This exercise calls for retyping every line below exactly, with the images omitted.

:: DATA SEGMENT ::
============================================================

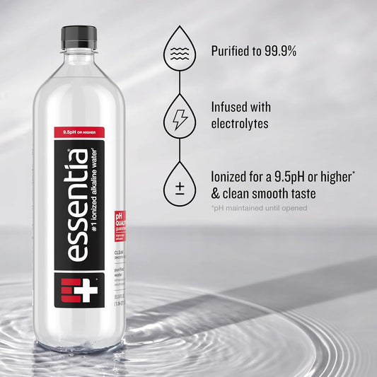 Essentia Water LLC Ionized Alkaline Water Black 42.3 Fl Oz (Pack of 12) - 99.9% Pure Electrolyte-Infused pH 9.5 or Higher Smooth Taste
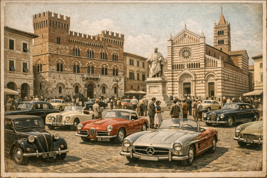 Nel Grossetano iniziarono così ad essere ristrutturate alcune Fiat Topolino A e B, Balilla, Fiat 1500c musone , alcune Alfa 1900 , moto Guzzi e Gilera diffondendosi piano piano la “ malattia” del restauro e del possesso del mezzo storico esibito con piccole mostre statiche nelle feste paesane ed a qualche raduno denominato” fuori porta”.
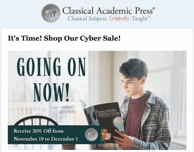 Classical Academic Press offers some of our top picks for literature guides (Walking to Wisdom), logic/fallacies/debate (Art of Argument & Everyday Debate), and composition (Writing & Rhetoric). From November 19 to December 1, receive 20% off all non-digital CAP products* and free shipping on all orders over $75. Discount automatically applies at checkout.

============================================================

:: EXERCISE ANSWER ::
 Essentia Water LLC Ionized Alkaline Water Black 42.3 Fl Oz (Pack of 12) - 99.9% Pure Electrolyte-Infused pH 9.5 or Higher Smooth Taste
 Nel Grossetano iniziarono così ad essere ristrutturate alcune Fiat Topolino A e B, Balilla, Fiat 1500c musone , alcune Alfa 1900 , moto Guzzi e Gilera diffondendosi piano piano la “ malattia” del restauro e del possesso del mezzo storico esibito con piccole mostre statiche nelle feste paesane ed a qualche raduno denominato” fuori porta”.
 Classical Academic Press offers some of our top picks for literature guides (Walking to Wisdom), logic/fallacies/debate (Art of Argument & Everyday Debate), and composition (Writing & Rhetoric). From November 19 to December 1, receive 20% off all non-digital CAP products* and free shipping on all orders over $75. Discount automatically applies at checkout.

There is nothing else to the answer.